[[ Records to process open ]]

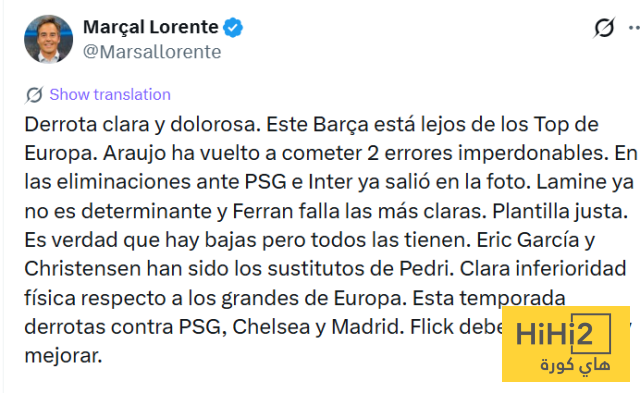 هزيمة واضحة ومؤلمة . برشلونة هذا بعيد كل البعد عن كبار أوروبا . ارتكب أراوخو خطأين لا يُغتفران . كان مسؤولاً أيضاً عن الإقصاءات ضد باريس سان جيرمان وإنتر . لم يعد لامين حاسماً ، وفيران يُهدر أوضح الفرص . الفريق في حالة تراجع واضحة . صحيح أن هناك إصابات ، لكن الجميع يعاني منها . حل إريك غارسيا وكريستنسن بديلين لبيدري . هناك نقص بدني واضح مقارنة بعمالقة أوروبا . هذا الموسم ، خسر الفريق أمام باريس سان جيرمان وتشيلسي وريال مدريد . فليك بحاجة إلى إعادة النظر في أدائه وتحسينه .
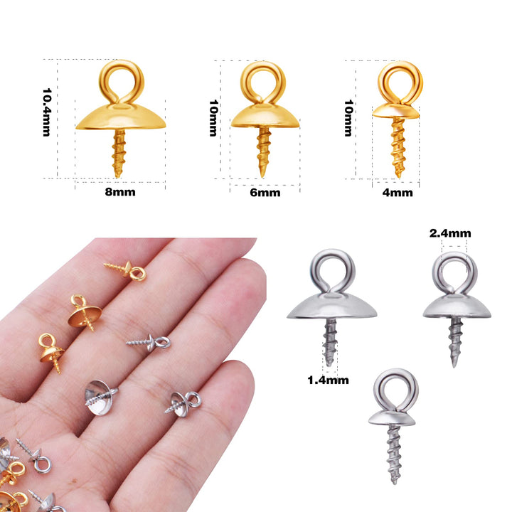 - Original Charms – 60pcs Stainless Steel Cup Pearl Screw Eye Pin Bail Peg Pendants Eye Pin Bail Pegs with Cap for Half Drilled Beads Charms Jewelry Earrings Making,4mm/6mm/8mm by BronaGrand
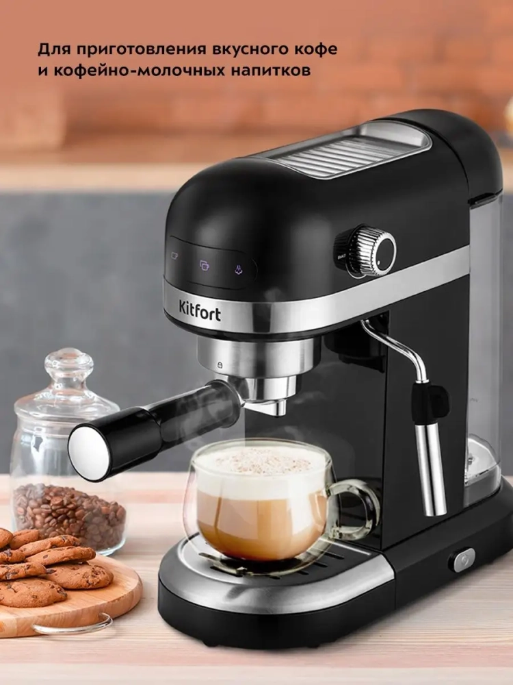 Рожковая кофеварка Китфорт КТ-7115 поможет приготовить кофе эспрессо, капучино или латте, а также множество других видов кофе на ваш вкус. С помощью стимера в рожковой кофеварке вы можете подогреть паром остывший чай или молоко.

[[ Records to process closed ]]
[[ Records to process open ]]

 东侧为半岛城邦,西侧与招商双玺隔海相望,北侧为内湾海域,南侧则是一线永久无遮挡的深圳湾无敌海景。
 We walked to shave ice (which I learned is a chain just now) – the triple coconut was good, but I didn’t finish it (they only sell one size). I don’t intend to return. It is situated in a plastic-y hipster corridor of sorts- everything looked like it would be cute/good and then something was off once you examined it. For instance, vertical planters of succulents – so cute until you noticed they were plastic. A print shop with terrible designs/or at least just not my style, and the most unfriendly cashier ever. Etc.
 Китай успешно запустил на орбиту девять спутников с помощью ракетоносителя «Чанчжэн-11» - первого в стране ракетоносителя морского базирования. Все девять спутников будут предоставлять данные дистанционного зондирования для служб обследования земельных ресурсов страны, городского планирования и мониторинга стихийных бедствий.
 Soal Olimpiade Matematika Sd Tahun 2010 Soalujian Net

[[ Records to process closed ]]
[[ Records to process open ]]

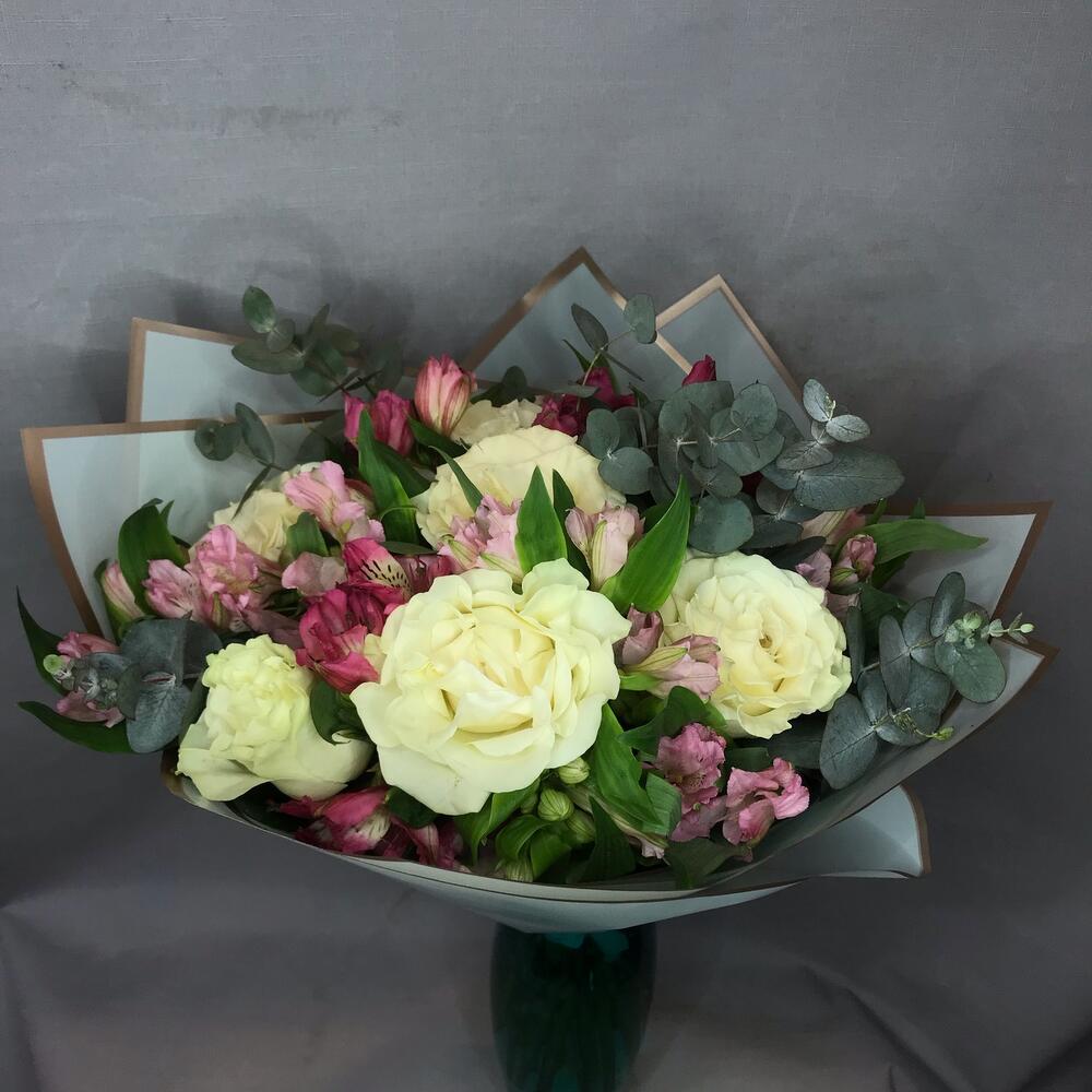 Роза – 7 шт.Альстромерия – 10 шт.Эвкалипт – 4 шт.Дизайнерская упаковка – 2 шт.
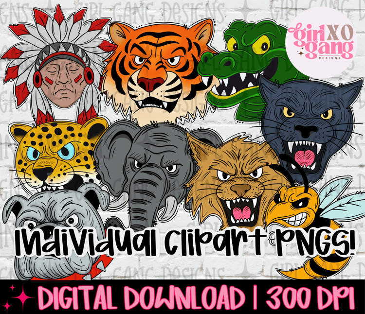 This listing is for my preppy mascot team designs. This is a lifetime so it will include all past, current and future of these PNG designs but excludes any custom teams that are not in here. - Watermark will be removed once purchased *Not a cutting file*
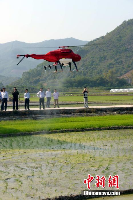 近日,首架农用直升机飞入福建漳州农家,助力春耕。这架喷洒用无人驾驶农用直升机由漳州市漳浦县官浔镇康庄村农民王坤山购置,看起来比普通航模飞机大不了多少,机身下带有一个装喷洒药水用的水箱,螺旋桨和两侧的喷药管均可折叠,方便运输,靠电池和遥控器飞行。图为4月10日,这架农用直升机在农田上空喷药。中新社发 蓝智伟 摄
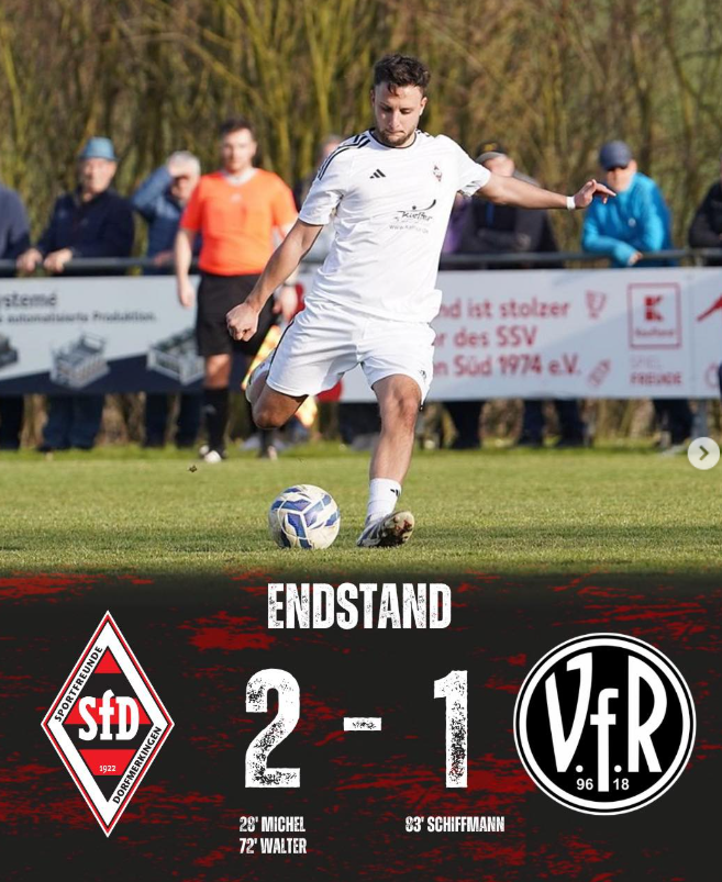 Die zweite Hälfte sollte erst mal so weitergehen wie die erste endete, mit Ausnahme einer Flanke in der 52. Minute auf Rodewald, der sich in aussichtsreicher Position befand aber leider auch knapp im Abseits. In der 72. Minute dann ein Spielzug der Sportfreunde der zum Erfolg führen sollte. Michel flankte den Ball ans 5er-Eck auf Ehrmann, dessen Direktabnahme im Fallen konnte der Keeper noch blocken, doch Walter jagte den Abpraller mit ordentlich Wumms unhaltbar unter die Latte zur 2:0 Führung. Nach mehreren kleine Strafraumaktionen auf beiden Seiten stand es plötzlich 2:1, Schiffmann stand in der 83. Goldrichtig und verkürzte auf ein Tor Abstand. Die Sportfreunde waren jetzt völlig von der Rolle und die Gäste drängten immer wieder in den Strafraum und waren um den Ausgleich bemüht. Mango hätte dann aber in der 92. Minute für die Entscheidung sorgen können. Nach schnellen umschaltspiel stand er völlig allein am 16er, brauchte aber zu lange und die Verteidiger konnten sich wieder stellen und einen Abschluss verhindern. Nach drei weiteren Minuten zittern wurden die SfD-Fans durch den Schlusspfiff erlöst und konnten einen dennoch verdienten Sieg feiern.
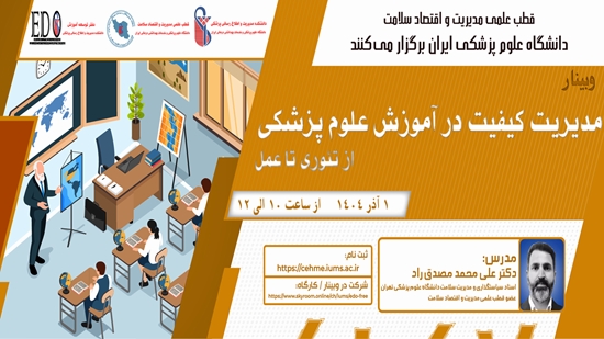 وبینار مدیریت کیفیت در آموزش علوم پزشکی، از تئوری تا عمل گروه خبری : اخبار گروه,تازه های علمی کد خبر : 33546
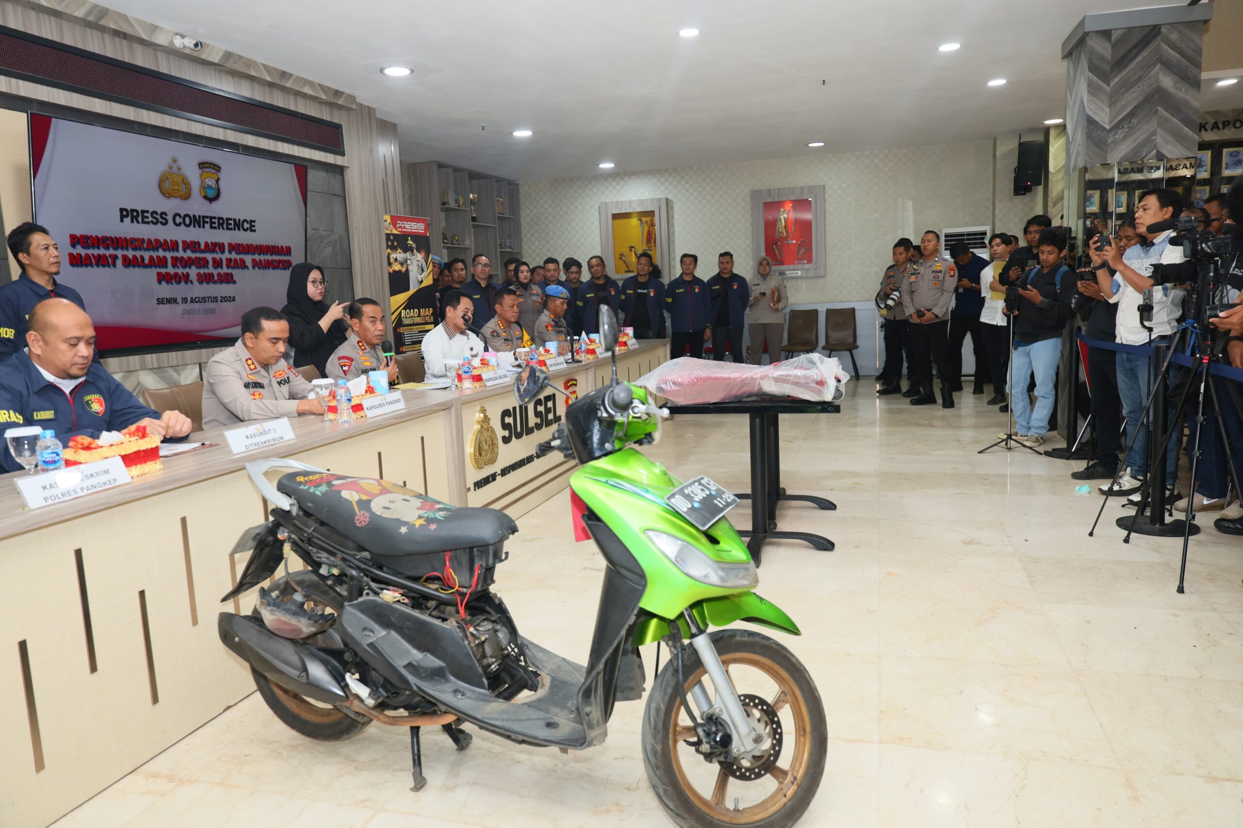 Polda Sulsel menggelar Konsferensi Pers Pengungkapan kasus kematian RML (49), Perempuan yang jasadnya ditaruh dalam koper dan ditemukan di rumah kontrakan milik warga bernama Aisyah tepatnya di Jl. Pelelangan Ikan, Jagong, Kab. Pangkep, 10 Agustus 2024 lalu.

[[ Records to process closed ]]

> **Problem**: A clean copy is needed of the lines above from the one with "- Original Charms" up to and including the one with "Рожковая кофеварка Китфорт". Please set it down exactly, with no pictures.

> **Finished exercise**:
 - Original Charms – 60pcs Stainless Steel Cup Pearl Screw Eye Pin Bail Peg Pendants Eye Pin Bail Pegs with Cap for Half Drilled Beads Charms Jewelry Earrings Making,4mm/6mm/8mm by BronaGrand
 Рожковая кофеварка Китфорт КТ-7115 поможет приготовить кофе эспрессо, капучино или латте, а также множество других видов кофе на ваш вкус. С помощью стимера в рожковой кофеварке вы можете подогреть паром остывший чай или молоко.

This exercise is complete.